VIH/SIDA - Campagne de dépistage volontaire

02/07/07

Dans le cadre du Programme National de lutte contre le SIDA au Niger et sous la coordination du CISLS (Comité Intersectoriel de lutte contre le SIDA), en collaboration avec les partenaires que sont : l’UNICEF, l’OMS, le PNUD, l’UNFPA, et AWARE-HIV/AIDS, une campagne de dépistage volontaire a été organisée la semaine dernière dans les districts de Niamey. Le coup d’envoi de cette campagne a été donné en présence de plusieurs personnalités dont des ministres, du Représentant de l’UNICEF, Coordonnateur Résident a.i. , ceux de l’UNFPA, du PNUD, de l’OMS, de AWARE, du corps diplomatique, des Organisations internationales, des ONGs oeuvrant dans le domaine du SIDA, et un public nombreux.
En prenant la parole, le Coordonnateur Résident a.i., M. Akhil Iyer a indiqué que les données récentes de l’ ONUSIDA et de l’OMS sur l’épidémie du VIH confirment la nécessité de mettre l’accent sur la prévention. Il a ajouté que l’ONUSIDA, tout en se réjouissant d’une telle initiative, qui place les jeunes au coeur de l’action et rassemble plusieurs partenaires autour d’un objectif commun visant à réduire la vulnérabilité des jeunes face à l’infection du VIH, se félicite de l’engouement avec lequel tous les acteurs se sont impliqués dans l’organisation de cette campagne.

Pour le ministre de la Santé Publique, M. Issa Lamine, l’analyse des déterminants de la propagation de l’infection au VIH au Niger, fait ressortir une extrême vulnérabilité des jeunes et en particulier des filles dans un contexte de pauvreté.

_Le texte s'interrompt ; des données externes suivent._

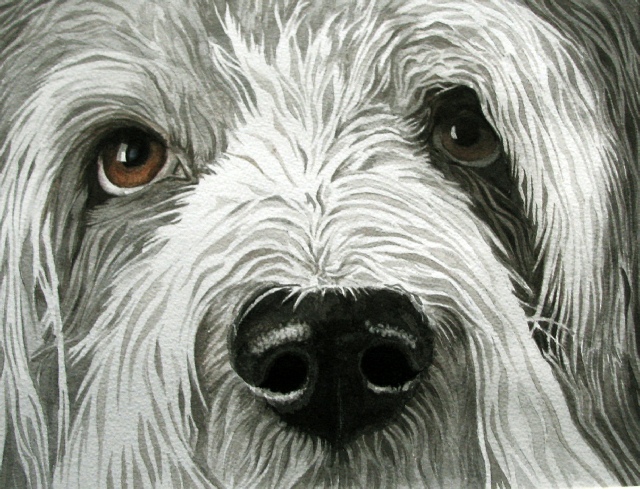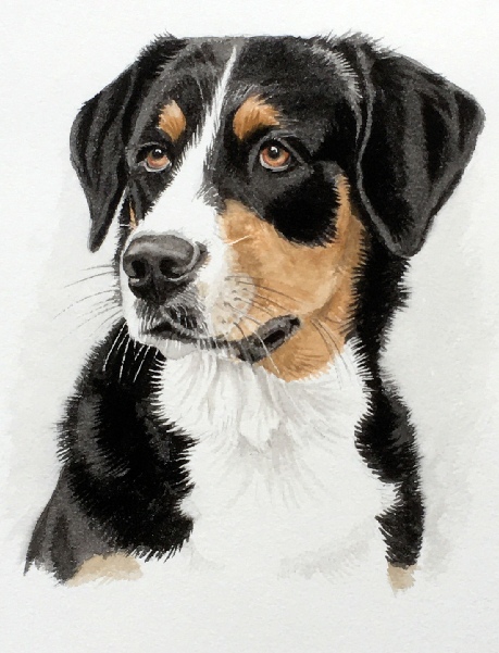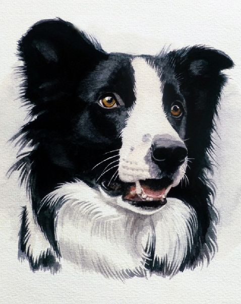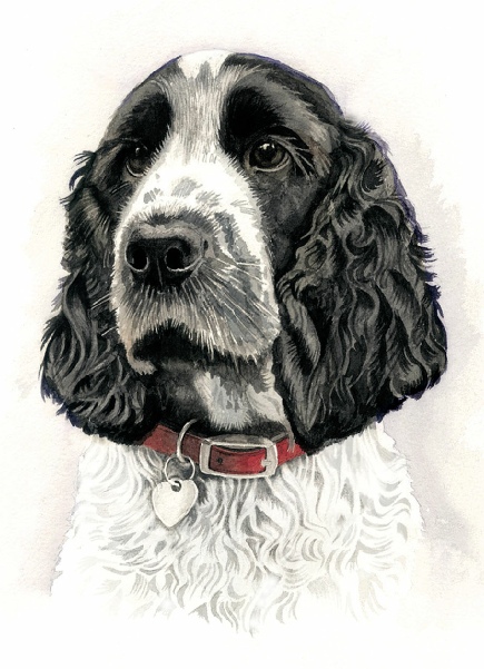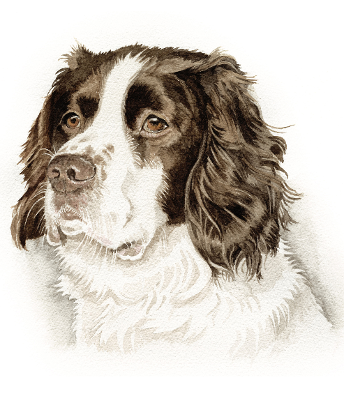 ‘Buster’, a Springer Spaniel - army explosive detection dog Watercolour on textured archive paper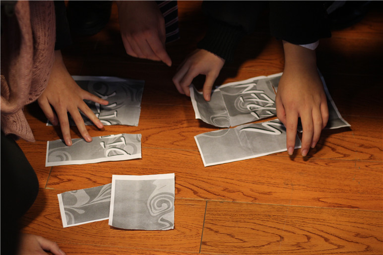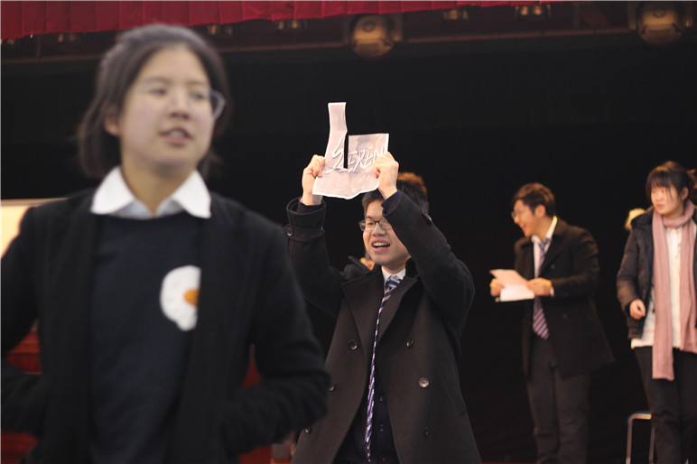 第二个游戏叫做拼图传递战,规则如下:计时员示意后,四个班级同时开始传递提前随机分配的八张卡片(一位同学负责传递台下随机发放的卡片给台上的同学)。台上的4位同学协作进行拼图,台下的同学负责辨识台上拼图所指向的单词,最先举手并喊出该单词的同学所在的班级为胜。从本活动可以看出其实任何一个活动的组织和完成都会含有以下角色:灵感者——想出以何方式开展活动;指挥官——具体领导如何开展活动;执行官——最终执行活动的开展方式;传递者——协助执行者进行活动。这个游戏很集中地体现了在一个团队中如何实现领导力。一个领导者就是要协调好各个角色的能力,充分发挥团队的力量,做到1+1>2。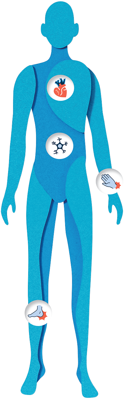 - Experiencing symptoms of nerve damage, such as a loss of sensitivity to temperature, tingling or numbness in the hands and feet, digestive issues, and sexual dysfunction.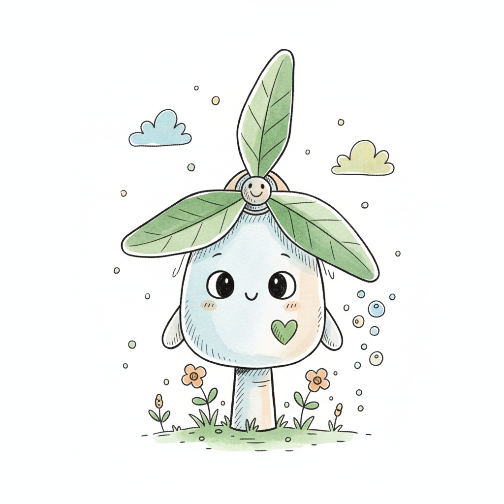 Niedliche Cartoon-Windkraftanlage mit Blättern als Rotorblättern, lächelnd in einer Blumenwiese.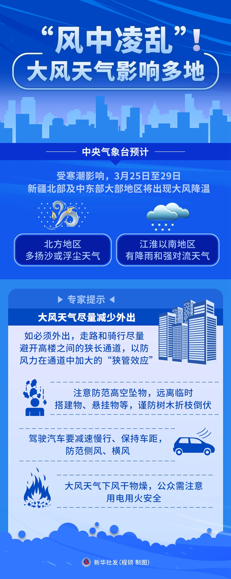 新华社北京3月25日电 题:“风中凌乱”!大风天气影响多地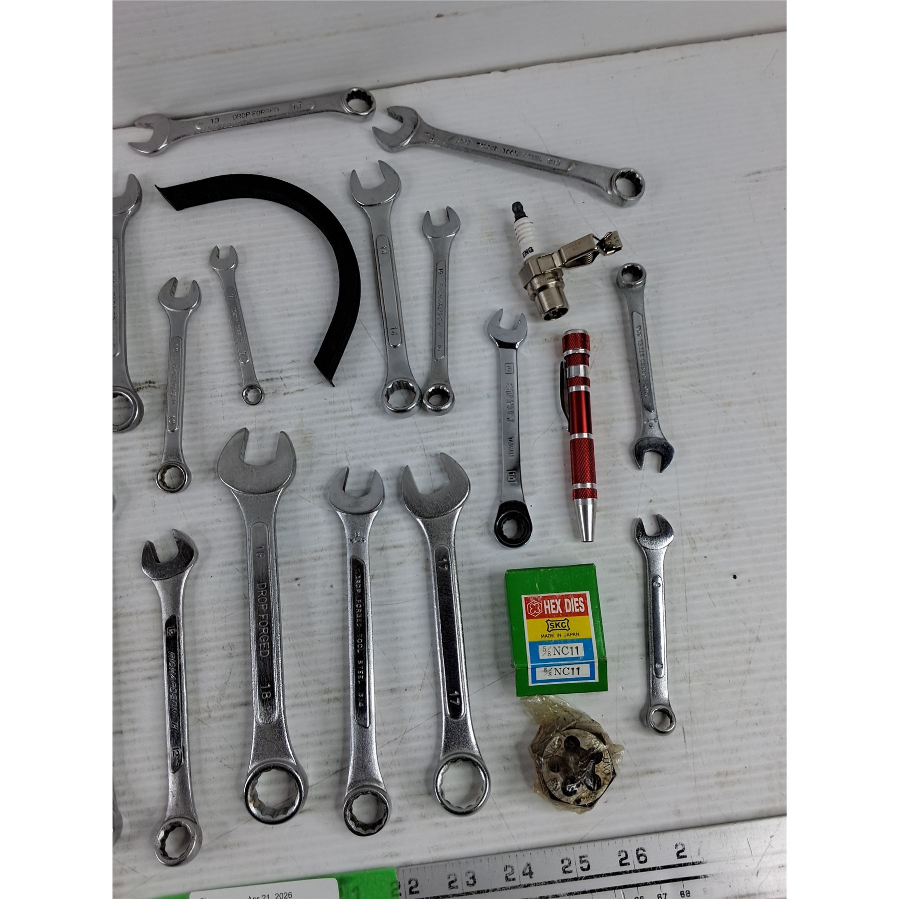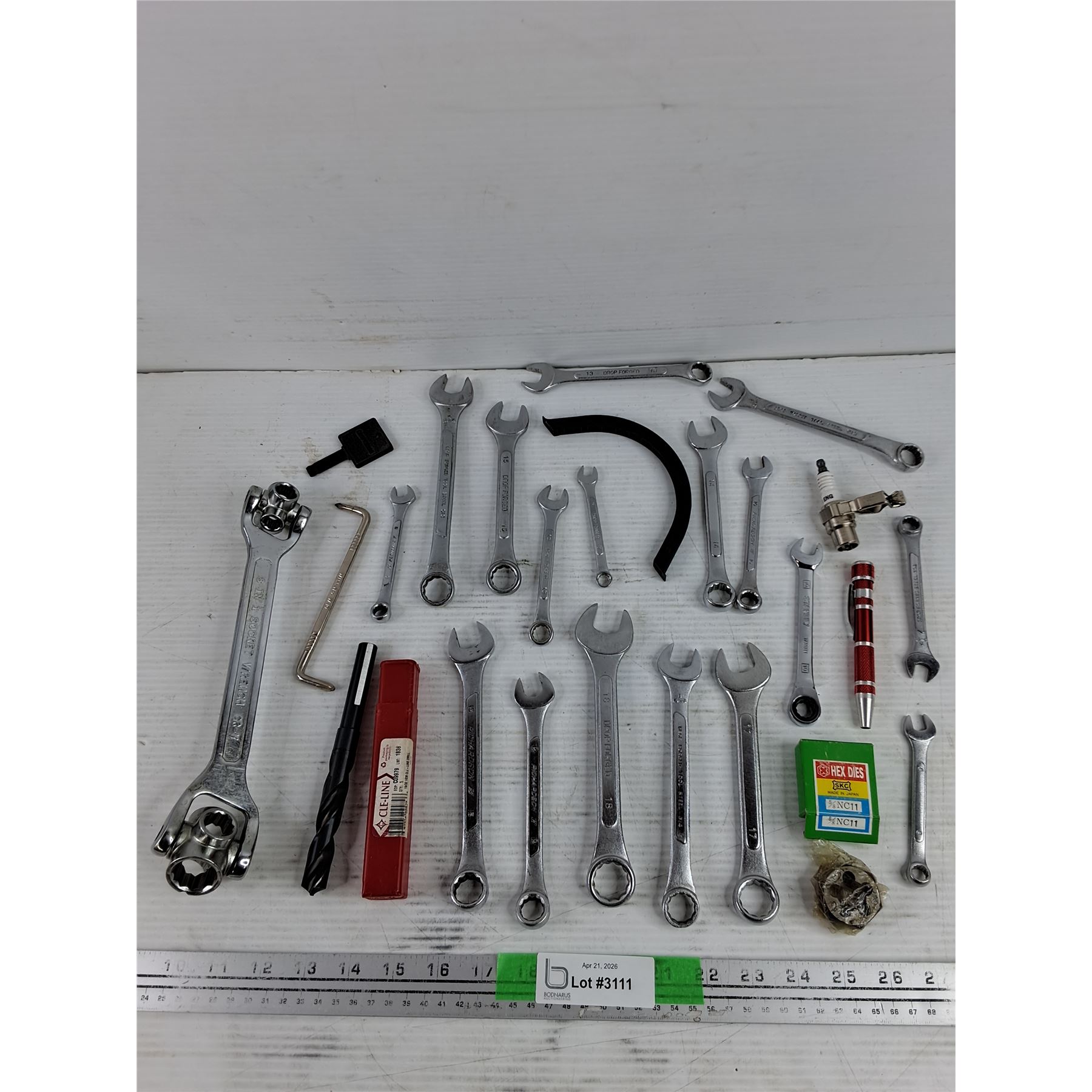 Lot 3111 Assorted Wrenches, Hex Die, Drill Bit, Misc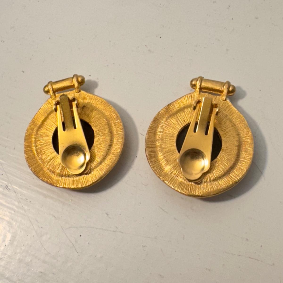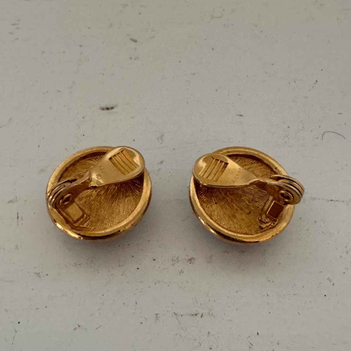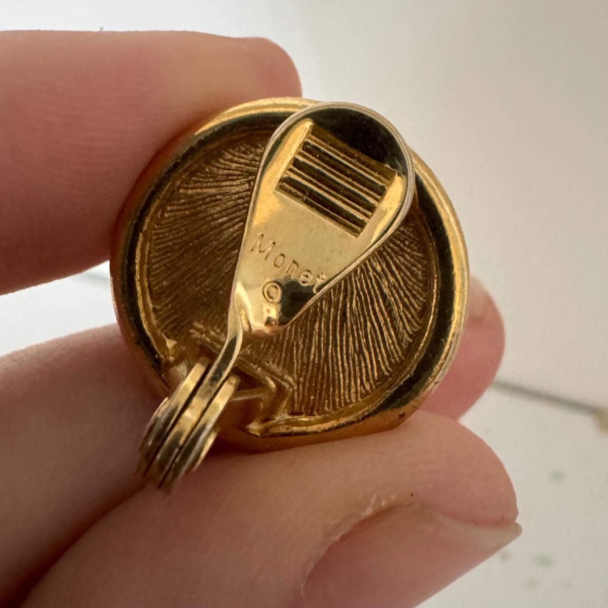 This lot includes two small jewelry boxes, one larger jewelry box with two rows, one pair of Monet clip on earrings with blue plastic beads, three pairs of miscellaneous clip-on costume earrings, and two golden colored larger clip-on earrings with a matching pendant. The largest jewelry box measures 7.5” x 5.5” x 2.5”H. All sales are final. No returns or refunds. Please bid accordingly. Shipping available.

Le ministre estime que « Cette situation exige de notre part une réponse adaptée pour prévenir les risques de contamination auxquels sont exposés les jeunes. C’est pourquoi en plus des campagnes de communication de proximité visant le changement de comportement, nos services compétents développent dans le cadre de la mise en oeuvre du
Programme National de Lutte contre le SIDA une stratégie pour l’accès des populations et surtout les jeunes au conseil de dépistage volontaire de l’infection au VIH ».
Au Niger malgré un taux de séroprévalence faible, l’on constate une épidémie concentrée au sein des groupes à haut risque qui se propage à partir de ce canal. Pour ce type de pays, la promotion du dépistage volontaire constitue une stratégie majeure de prévention qui occupe une place importante parmi les stratégies nationales de lutte contre le SIDA au Niger.

C’est partant de ce constat que lors de l’atelier sous-régional organisé par AWARE, pour l’identification de bonnes pratiques en matière de lutte contre le SIDA , la délégation nigérienne à la dite rencontre a décidé de répliquer au Niger l’expérience des campagnes mobiles de dépistage volontaire dans les écoles et à l’université, qui a donné un véritable coup de pouce à la promotion de la stratégie ailleurs. Toutefois, partant du fait qu’une grande proportion de la jeunesse au Niger est déscolarisée ou non scolarisée, il a été décidé de répliquer l’expérience initialement dans la communauté urbaine de Niamey, mais en l’ouvrant au milieu non scolaire. Si les résultats sont probants, l’expérience sera portée à l’échelle.

La campagne a duré sept jours et s’est déroulée au niveau de quarante (40) sites, répartis entre les cinq communes de Niamey. Chaque site fonctionnera avec une équipe type composée de deux (2 )Conseillers, deux (2) techniciens de laboratoire, deux (2) organisateurs, dont l’un s’occupera de l’organisation, et l’autre de l’enregistrement. Un (1) superviseur fixe, qui s’occupera de veiller à la qualité de l’enregistrement et du recueil de données sur le site.
Cinq équipes de trois superviseurs (1 conseiller,1 technicien de prélèvement, 1 chargé de l’organisation générale) sillonneront les différents sites de chacune des cinq communes ,pour le contrôle de qualité.
Chaque jour, les superviseurs mobiles et fixes ont fait le point en fin de journée, et analysé les données recueillies et faire un rapport journalier.